Question

Mining Papers On A Desired Topic Based On Certain Criteria

5

Entering edit mode

13.6 years ago

Arun 2.4k

I would like to obtain mainly two things. Suppose that the tag (or topic) I'd like to mine is circadian clock

1) I'd like to find out all keywords (where ever possible.. I guess relatively recent papers alone have keywords?) ( or any other equivalent main words) that are associated with this topic. I am interested in creating a tag cloud or word cloud. I think its a cool opening slide in a presentation. What do you guys think?

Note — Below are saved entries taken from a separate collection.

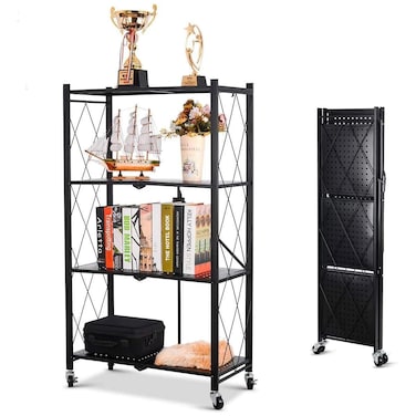 Introducing the HEXAR® 4 Tier Foldable Storage Organizer, a Heavy-Duty Metal Rack Storage Shelving Unit with Wheels. This versatile shelving unit is designed to offer convenient storage solutions in various areas of your home, including the kitchen, living room, bedroom, and more. Whether you're looking to organize your kitchen, bedroom, living room, or any other space, the HEXAR® 4 Tier Foldable Storage Organizer is the perfect solution.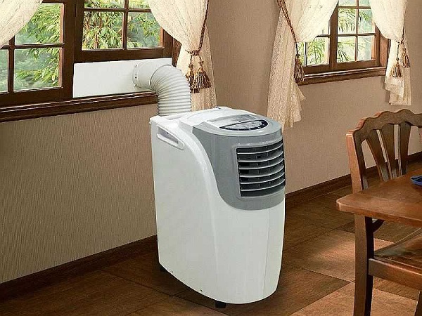 - Мобильные. Такие устройства называют еще моноблоками. Они состоят из единственного модуля и комплектуются гофрированным шлангом воздуховода. Главным отличием от оконных устройств является повышенная мобильность. Агрегаты можно перемещать из комнаты в комнату, многие из них оснащены колесами. При этом устанавливать технику, как правило, необходимо все равно ближе к подоконнику. Моноблок может автоматически испарять конденсат, образующийся при работе, или требовать его удаления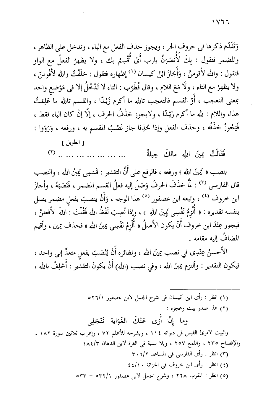 بنصب «يمين الله» ورفعه، فالرفع على أن التقدير: قسمي يمين الله، والنصب قال الفارسي: لما حذف الحرف وصل إليه فعل القسم المضمر، فنصبه، وأجاز ابن خروف، وتبعه ابن عصفور هذا الوجه، وأن ينصب بفعل مضمر يصل بنفسه تقديره: «ألزم نفسي يمين الله»، وإذا نصب لفظ الله فقلت: الله لأفعلن، فيجوز عند ابن خروف أن يكون الأصل «ألزم نفسي يمين الله» فحذف يمين، وأقيم المضاف إليه مقامه.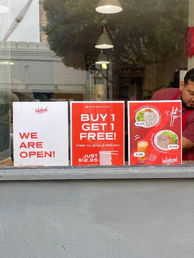 다음 날, 홀리슈레드 누들의 또 다른 인기 메뉴인 크리스피 치킨 라이스를 맛보기 위해 다시 방문했다. 이번에는 “BUY 1 GET 1 FREE!”라는 문구가 적힌 광고판이 눈에 띄었다. 오픈 초기에 진행했던 이벤트인 듯하다.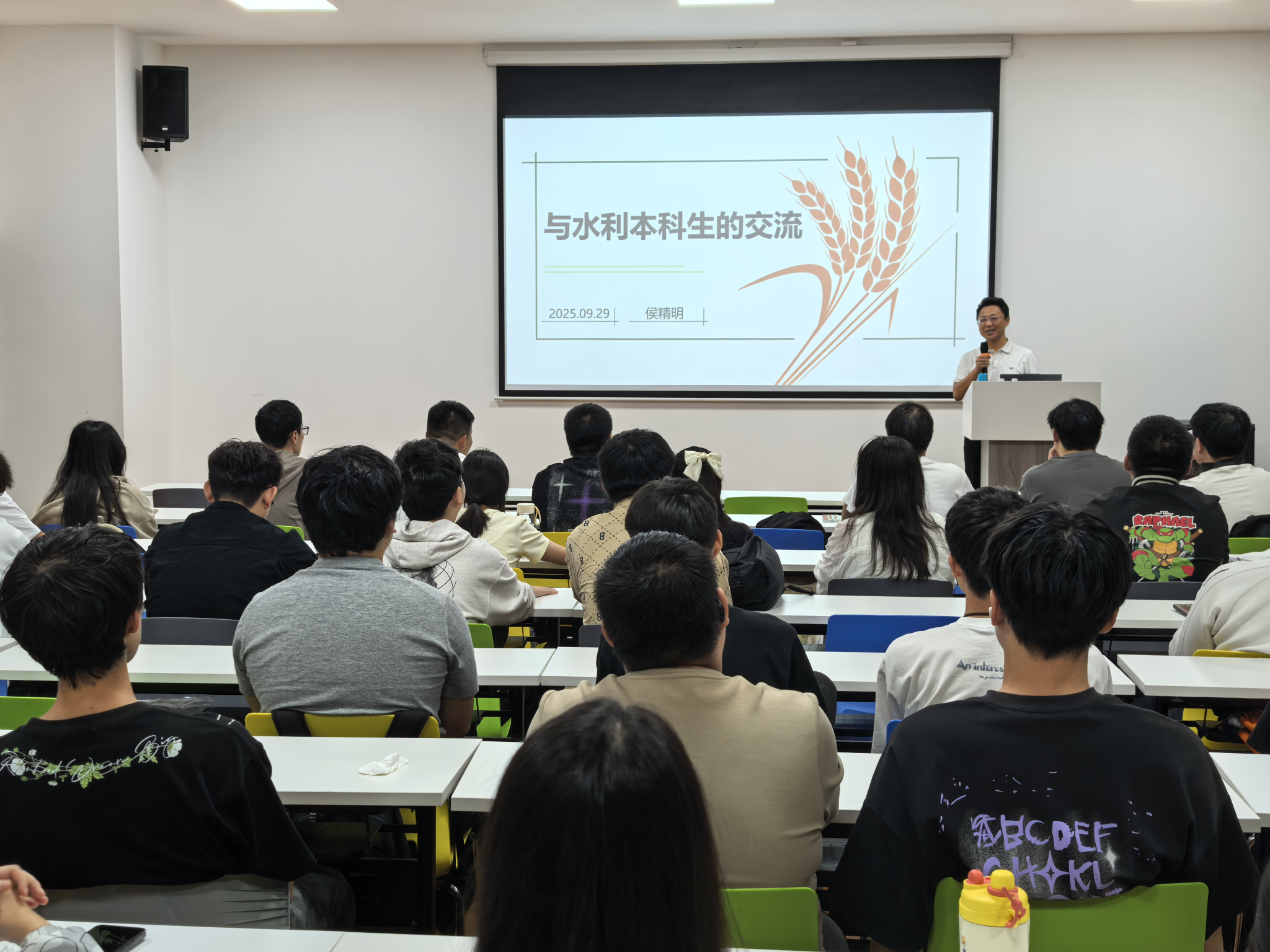 讲座中,侯精明教授结合自身经历,从五个维度深入分享人生感悟与成长心得。谈及“家国情怀、志存高远”,他动容回忆起阅兵式上目送国旗升起的庄严瞬间,特别叮嘱水利专业学子:“要立大志、明大德,将个人理想融入国家重大战略需求,方能让青春价值在服务水利事业中充分彰显”;围绕“乐观上进、内心坚韧”,他着重阐述培养积极心理品质的重要性,鼓励学生以平和心态面对学业挑战,“每一次困难都是突破自我的成长契机”;在“强健体魄、身心健康”部分,他结合求学与工作历程,为同学们支招:“制定科学运动计划,善用课间、课后等碎片化时间锻炼,让健康体魄成为逐梦的坚实基础”;谈及“学有所思、注重实践”,他以实际水利工程建设案例为引,强调“理论知识需扎根实践土壤,唯有在实践中检验、反思,才能真正学深悟透”;而“与时俱进、拥抱科技”的分享,则自然衔接至行业前沿内容——在“洪涝过程系统模型与智慧防御方法”讲解中,侯精明围绕洪水内涝全过程系统化模拟,结合AI快速预报、智能值守、智能运维、智能管理等关键技术,用通俗语言为学生科普水利科技的创新方向。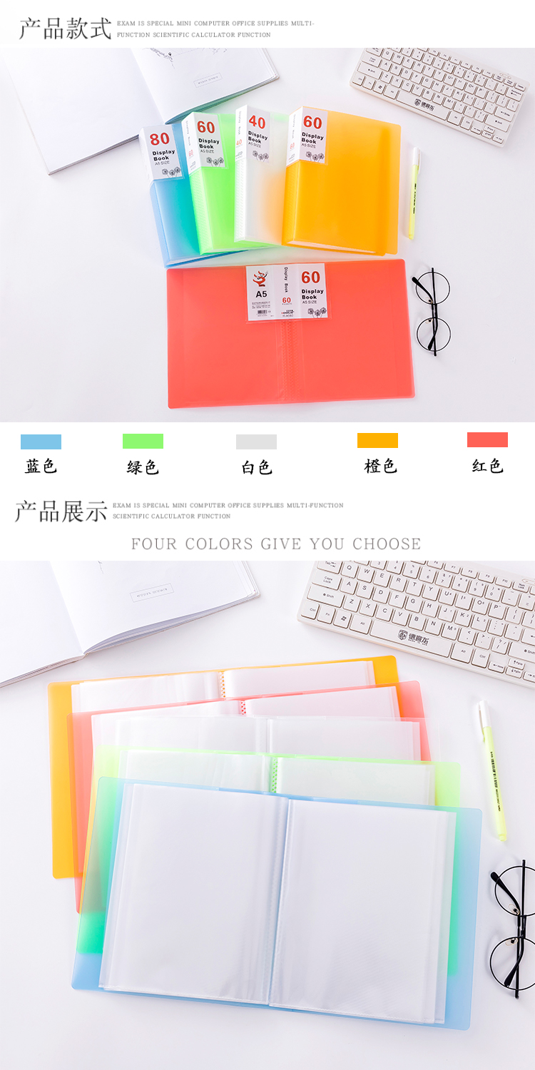 A5 폴더 책 투명 삽입 작은 정보 책 8inch 사진 앨범 클립 사무용품 보관 영수증 클립 도매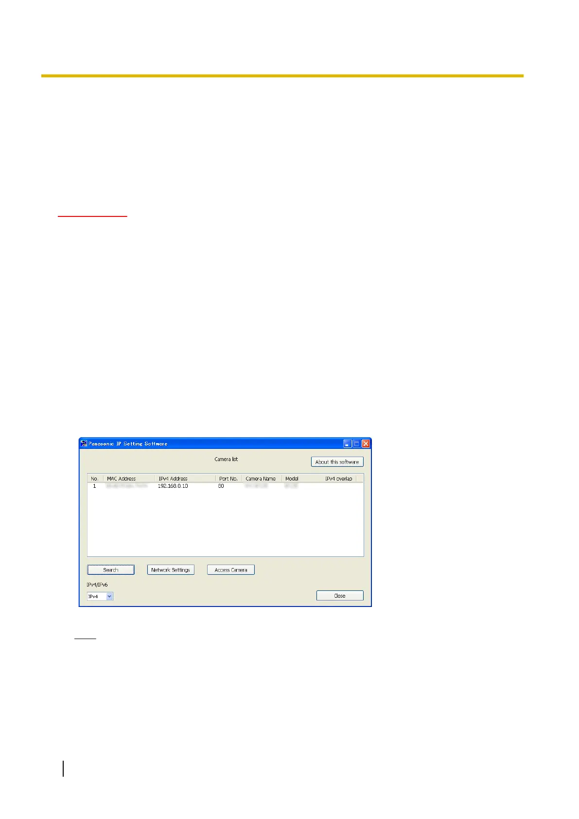 • This camera cannot be displayed or set with an older version of the “IP Setting Software” (version 2.xx).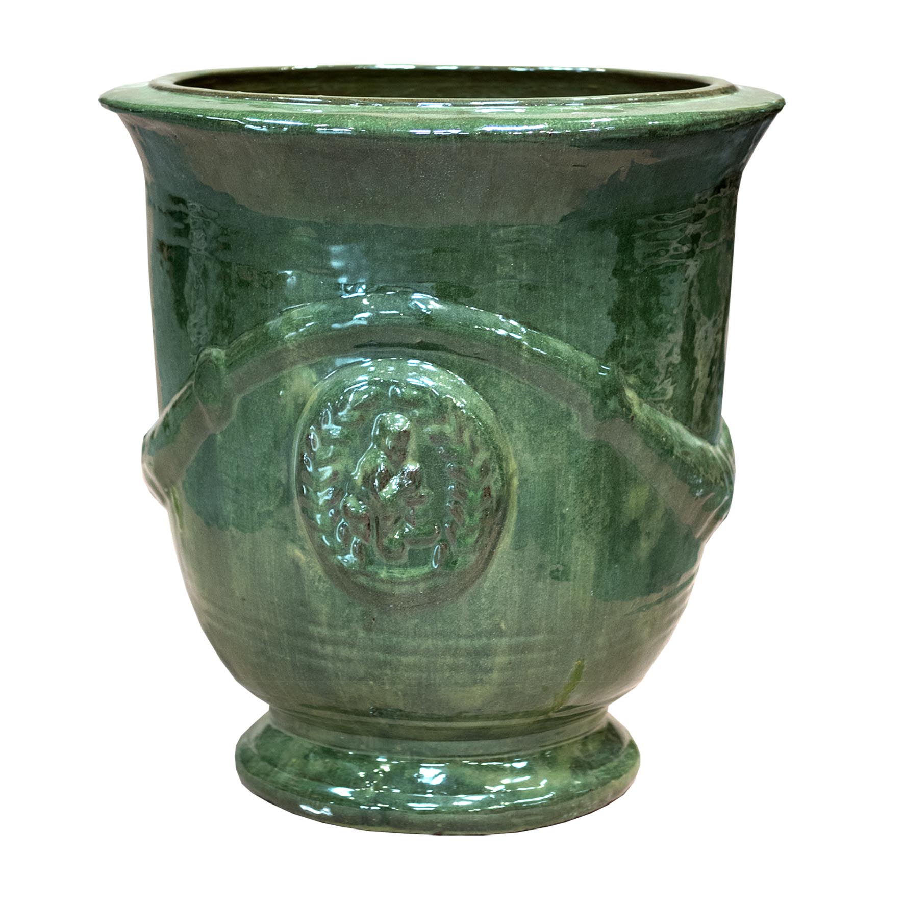 Pot Costa Vase sur pied émaillé vert, résistant aux UV et percé, il est à la fois utile et esthétique. Une création artisanale et authentique respectant les traditions et le prestige de ces vases d’origine du Sud de la France. Ce type de vase est directement inspiré des vases Médicis.

2) I'd like to mine for pioneer (major findings / breakthroughs) papers in this field (probably more restriction criterions should apply here, such as, humans or plants etc..), if not, most cited papers, from all available papers. This is basically for literature reading. Basically, how does one get across in finding papers that one should definitely have read??

I know how to generate a word cloud in R. I'd like to know if its possible to extract these information somehow from pubmed (using the tm R-package possibly?).

Thank you in advance for your suggestions, Best, Arun.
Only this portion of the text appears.